BEGIN

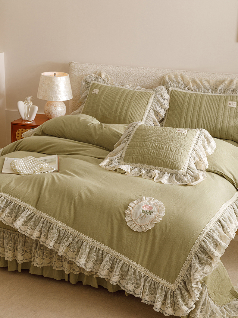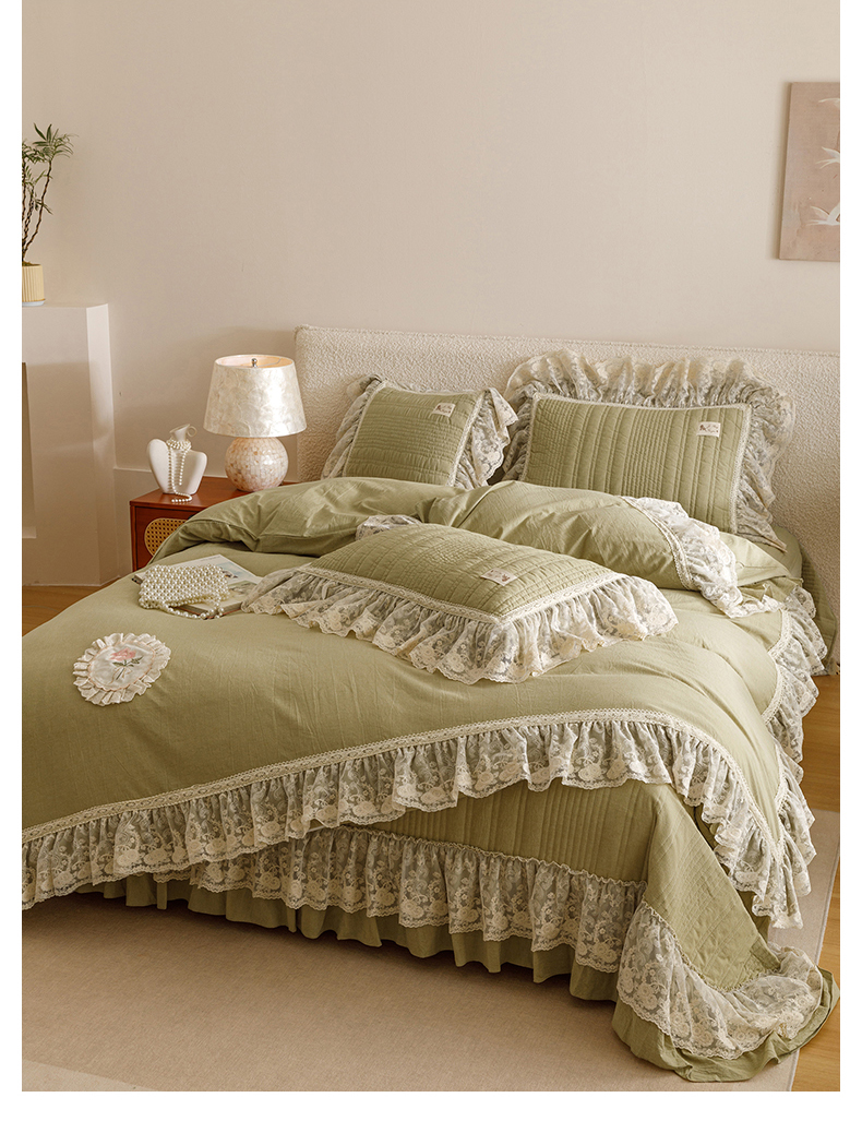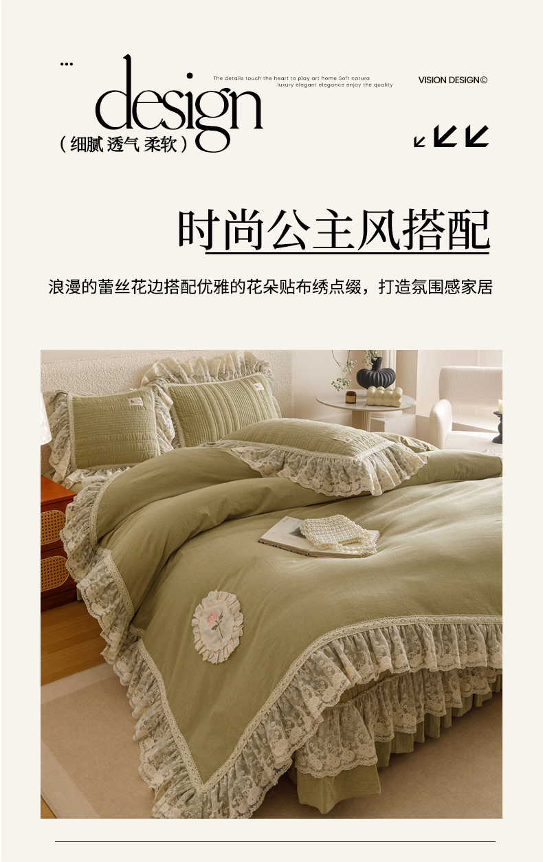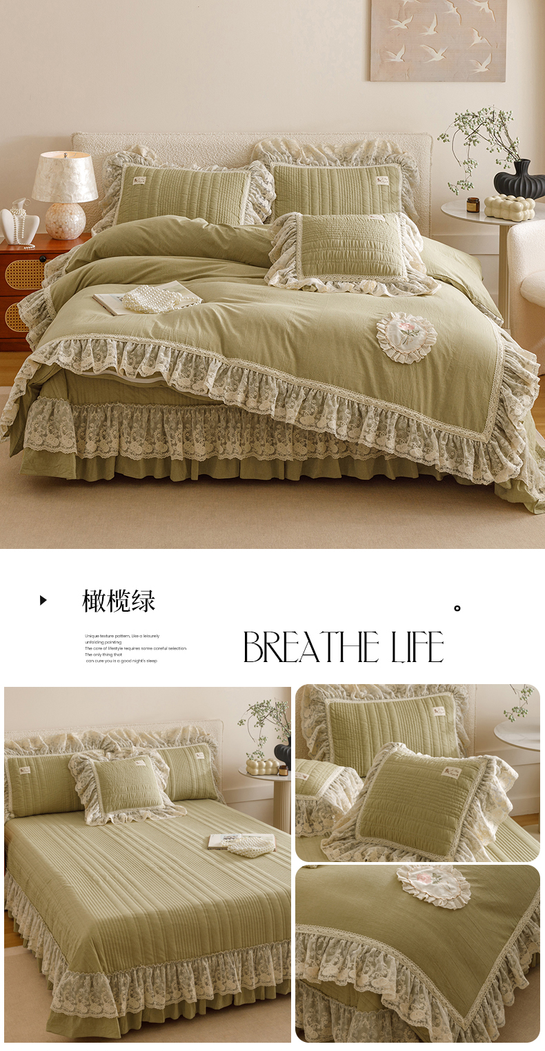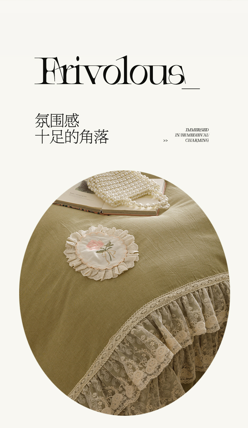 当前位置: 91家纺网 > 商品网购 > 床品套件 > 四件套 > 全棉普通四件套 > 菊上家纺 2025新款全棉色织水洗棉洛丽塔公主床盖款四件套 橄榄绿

END
BEGIN

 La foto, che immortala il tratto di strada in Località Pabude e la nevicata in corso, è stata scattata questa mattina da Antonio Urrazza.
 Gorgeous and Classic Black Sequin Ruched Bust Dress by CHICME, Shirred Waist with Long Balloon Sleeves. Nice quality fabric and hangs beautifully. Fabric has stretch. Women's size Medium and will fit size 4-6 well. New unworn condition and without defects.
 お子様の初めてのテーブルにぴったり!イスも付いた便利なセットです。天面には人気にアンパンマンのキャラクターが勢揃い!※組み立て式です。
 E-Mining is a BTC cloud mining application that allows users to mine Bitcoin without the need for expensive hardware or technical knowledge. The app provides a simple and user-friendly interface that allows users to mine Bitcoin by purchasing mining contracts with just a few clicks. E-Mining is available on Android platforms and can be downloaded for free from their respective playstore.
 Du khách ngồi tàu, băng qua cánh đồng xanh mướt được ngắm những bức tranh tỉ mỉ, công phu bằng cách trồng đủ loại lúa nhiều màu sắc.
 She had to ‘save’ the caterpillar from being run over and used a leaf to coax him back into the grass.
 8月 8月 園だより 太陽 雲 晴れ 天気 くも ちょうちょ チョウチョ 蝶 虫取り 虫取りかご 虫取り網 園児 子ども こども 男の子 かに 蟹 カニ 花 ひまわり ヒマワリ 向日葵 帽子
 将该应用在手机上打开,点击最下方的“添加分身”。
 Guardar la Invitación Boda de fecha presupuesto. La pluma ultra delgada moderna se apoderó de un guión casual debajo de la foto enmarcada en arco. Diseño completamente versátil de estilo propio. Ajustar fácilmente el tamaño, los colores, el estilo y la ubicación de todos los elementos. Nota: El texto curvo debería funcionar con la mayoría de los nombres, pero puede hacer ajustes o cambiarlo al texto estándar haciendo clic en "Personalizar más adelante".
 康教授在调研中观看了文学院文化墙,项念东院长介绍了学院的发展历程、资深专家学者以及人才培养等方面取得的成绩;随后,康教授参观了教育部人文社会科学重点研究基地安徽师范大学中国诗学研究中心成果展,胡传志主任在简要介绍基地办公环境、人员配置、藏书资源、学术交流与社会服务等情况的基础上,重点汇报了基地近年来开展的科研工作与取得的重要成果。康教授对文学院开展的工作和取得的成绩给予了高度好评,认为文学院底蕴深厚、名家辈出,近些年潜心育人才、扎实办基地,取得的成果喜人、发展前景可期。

END

Instructions for the task: Please give back, exactly as it stands above, the stretch from the line with "She had to ‘save’" through the line with "Guardar la Invitación", and no line outside it.

Expected answer:
 She had to ‘save’ the caterpillar from being run over and used a leaf to coax him back into the grass.
 8月 8月 園だより 太陽 雲 晴れ 天気 くも ちょうちょ チョウチョ 蝶 虫取り 虫取りかご 虫取り網 園児 子ども こども 男の子 かに 蟹 カニ 花 ひまわり ヒマワリ 向日葵 帽子
 将该应用在手机上打开,点击最下方的“添加分身”。
 Guardar la Invitación Boda de fecha presupuesto. La pluma ultra delgada moderna se apoderó de un guión casual debajo de la foto enmarcada en arco. Diseño completamente versátil de estilo propio. Ajustar fácilmente el tamaño, los colores, el estilo y la ubicación de todos los elementos. Nota: El texto curvo debería funcionar con la mayoría de los nombres, pero puede hacer ajustes o cambiarlo al texto estándar haciendo clic en "Personalizar más adelante".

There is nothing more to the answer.